A bed file with one row for each region. The first three columns in this file MUST contain the Chromosome, Start and End position

maf_data

Optionally provide a data frame in the MAF format, otherwise either GAMBLR.data or GAMBLR.results will be used.

these_samples_metadata

This is used to complete your matrix. All GAMBL samples of the specified seq_type will be used by default. Provide a data frame with at least sample_id for all samples if you are using non-GAMBL data.

this_seq_type

The seq_type to return results for. Must be a single value. Only used if no metadata is provided with these_samples_metadata.

projection

The genome build we are working with

Value

A data frame with a row for every sample in these_samples_metadata and a column for every region in regions_bed

Details

Values are the number of mutations in that patient in the region.

Examples



  DLBCL_genome_meta = get_gambl_metadata() %>% 
    dplyr::filter(pathology=="DLBCL")
#> 3273 capture samples are missing a value for protocol.

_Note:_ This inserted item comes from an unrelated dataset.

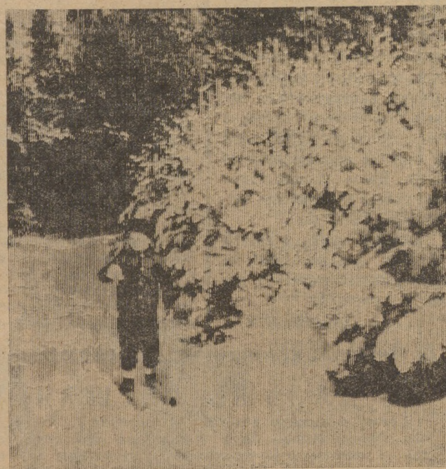
ХОРОШО В ЛЕСУ!

Assuming Exome.
#> 138 biopsies are missing from the biopsy metadata. This should be fixed!
#> affected cohorts:  DLBCL_LSARP_Trios,Ennishi_tapestri,SMZL_Strefford,cHL_Maura,MCL_Barcelona
#> 110 biopsies with discrepancies in the pathology field. This should be fixed!
#> 10 biopsies with discrepancies in the time_point field. This should be fixed!
#get ashm regions
some_regions = GAMBLR.utils::create_bed_data(
                              GAMBLR.data::grch37_ashm_regions,
                              fix_names = "concat",
                              concat_cols = c("gene","region"),
                              sep="-") %>%
  dplyr::filter(grepl("PAX5",name))

pax5_matrix <- get_ashm_count_matrix(
     regions_bed = some_regions,
     this_seq_type = "genome",
     these_samples_metadata = DLBCL_genome_meta
)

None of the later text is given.